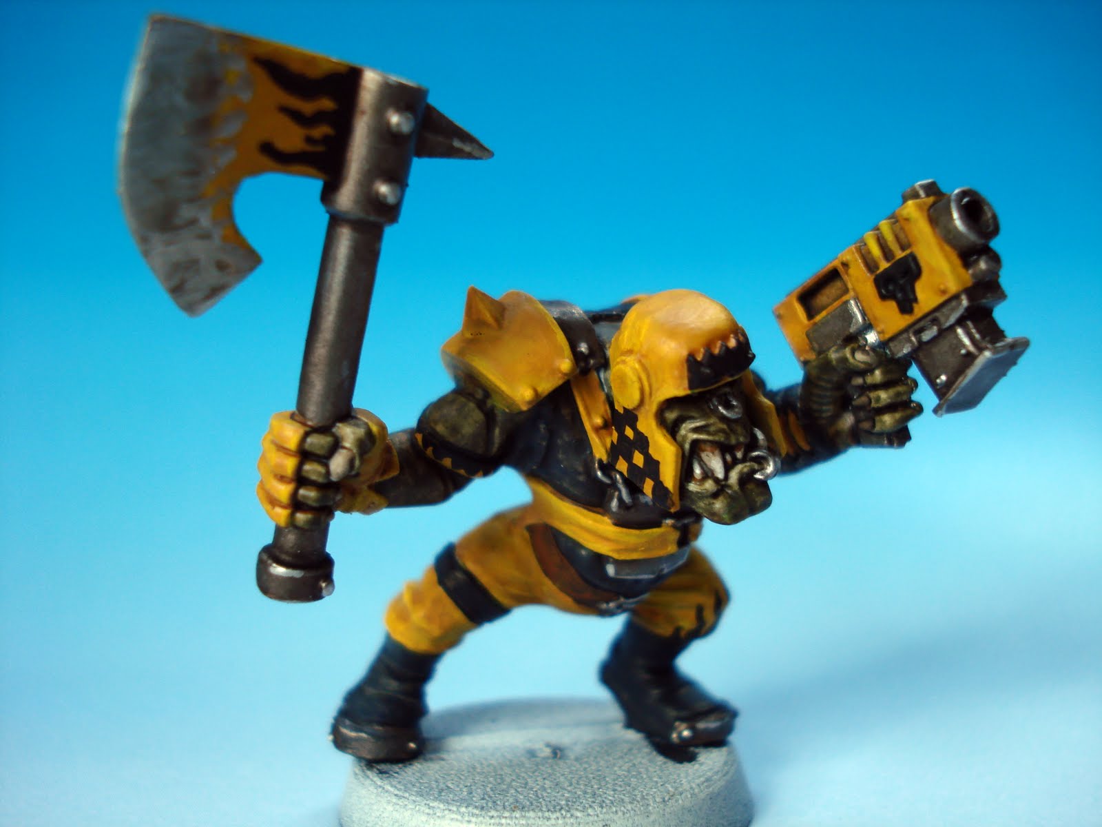 Ogryn flesh lepiej wyglada, moim zdaniem. Troche za duzo zoltego na tych orkach. Owszem to ich dominujacy kolor ale nie jedyny. Dobrze na tym wygladaja plomienie, tak porobiles czarne ale biale tez moga byc.
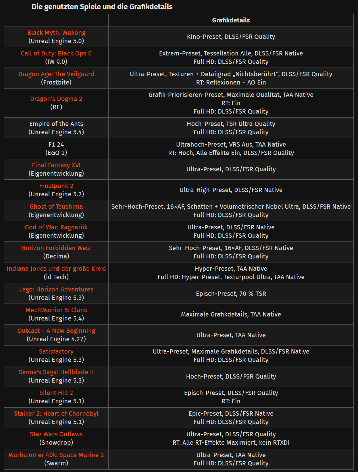 Um das ganze noch einmal zu verdeutlichen, folgt hier der Auszug aus euren aktuellen Benchmarkspielen und deren Grafiksettings, die ihr für die Vergleichbarkeit stets wählt:
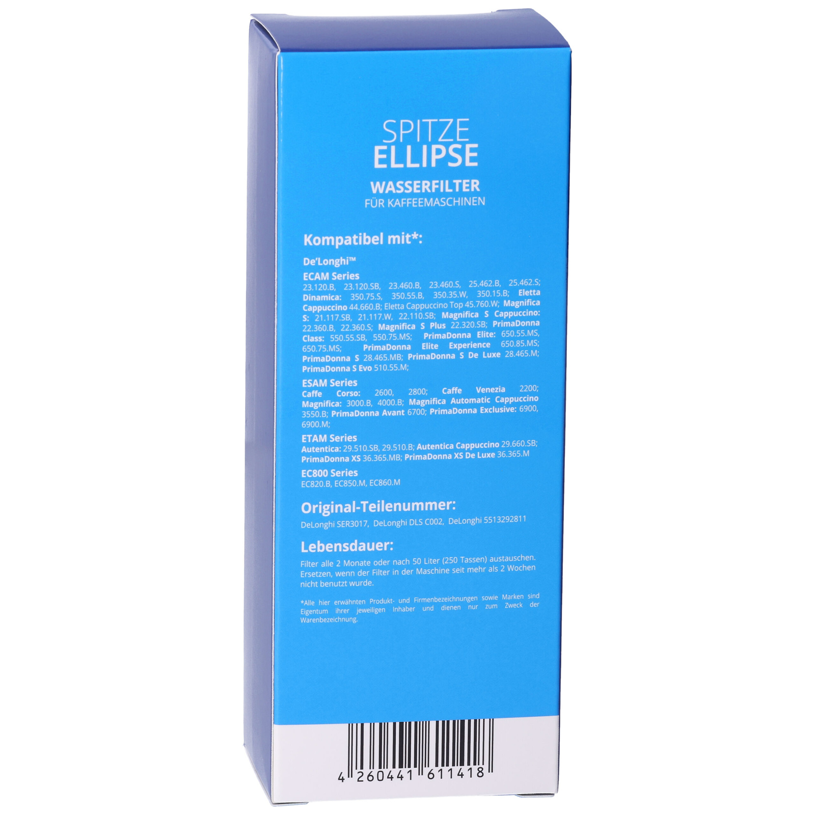 Mit dem Spitze Ellipse Wasserfilter für DeLonghi Kaffeemaschinen profitieren Sie garantiert von dem besten Angebot auf dem Markt. Die deutsche Verarbeitungsqualität in Kombination mit den hochwertigen Komponenten im Filtrationsprozess machen Ihren täglichen Kaffee zu einem genussvollen Ritual.
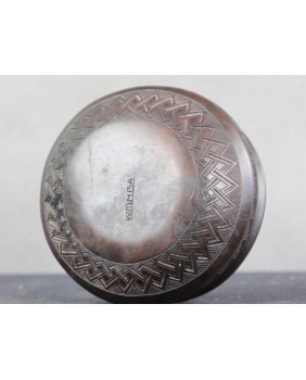 Skusił mnie też napis na dnie miseczki. Pojawiła się nadzieja, że w ten sposób łatwo zlokalizuję miejsce powstania przedmiotu. Miałem niestety pecha. Kotemba to tylko imię afrykańskiego jak sądzę artysty. Środki użyte w dekoracji miseczki są najprostsze z możliwych, takie, które pojawiają się w wielu kulturach świata. Wydaje się że wzór na naczyniu jest inspirowany sztuką islamu a ten jest w Afryce powszechnie obecny,
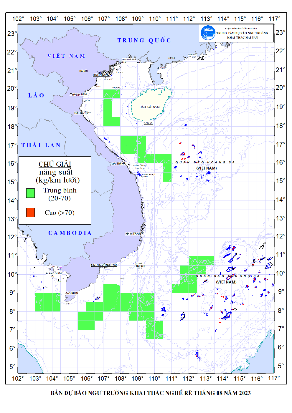 Trang nhất/ Dự báo khai thác theo nghề Dự báo ngư trường nghề lưới rê tháng 8/2023 Mùa vụ: Vụ Nam () | Năm dự báo: 2023 | Tháng dự báo: 08/2023 Nghề: Rê Cơ quan dự báo: Trung tâm Dự báo ngư trường Khai thác hải sản
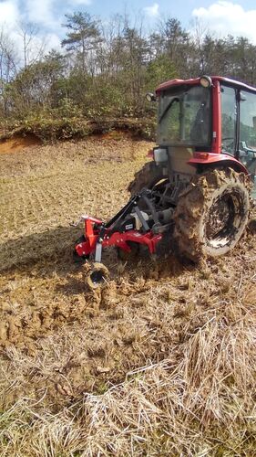サブソイラの試運転。 地下四十センチくらいのところにもぐらの穴くらいのトンネル(弾丸暗渠)を作る機械である。排水をよくするために入れる。 田んぼよりも畑の方が効果が大きいかな。
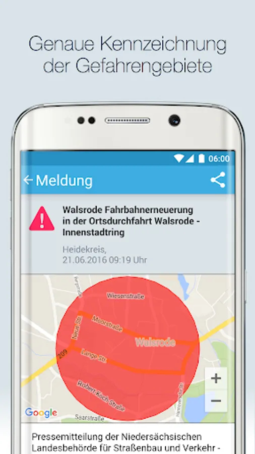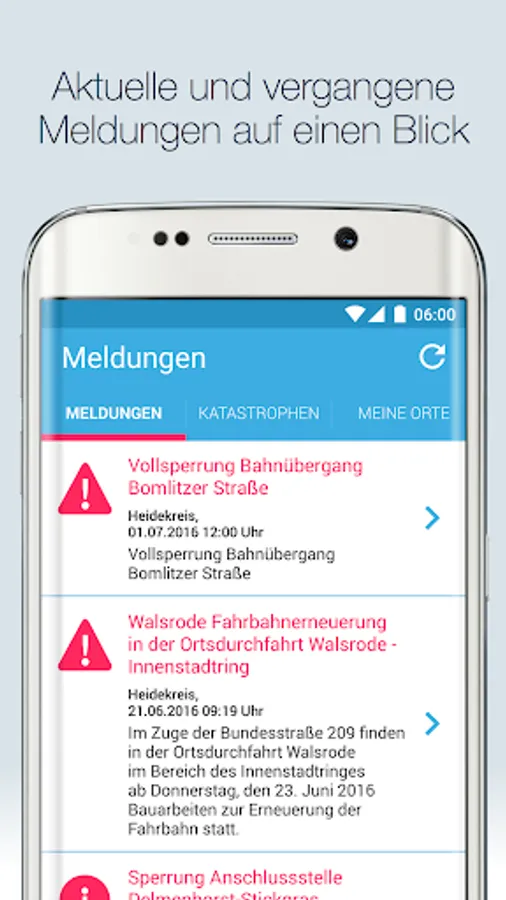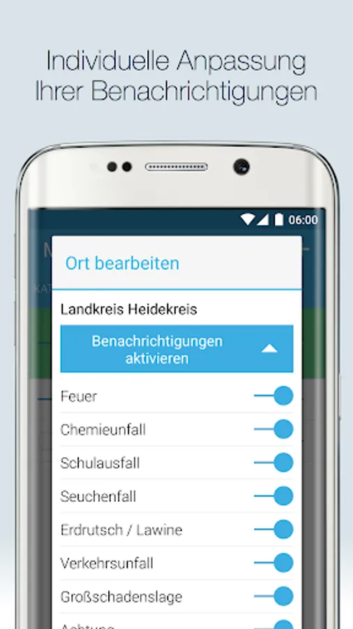Specify individually which topics you would like to be informed about, e.g. School absenteeism, traffic accidents, fire, flooding, bomb disposal or general warnings. All messages are written and created by your municipality. Your municipality alone decides which information is to be set. So you always have all the important messages from your region up to date.
+++++
Transcribe exactly each line of the records from the start up to and including the one with "Um das ganze", and leave out every picture.

 Ogryn flesh lepiej wyglada, moim zdaniem. Troche za duzo zoltego na tych orkach. Owszem to ich dominujacy kolor ale nie jedyny. Dobrze na tym wygladaja plomienie, tak porobiles czarne ale biale tez moga byc.
 Um das ganze noch einmal zu verdeutlichen, folgt hier der Auszug aus euren aktuellen Benchmarkspielen und deren Grafiksettings, die ihr für die Vergleichbarkeit stets wählt:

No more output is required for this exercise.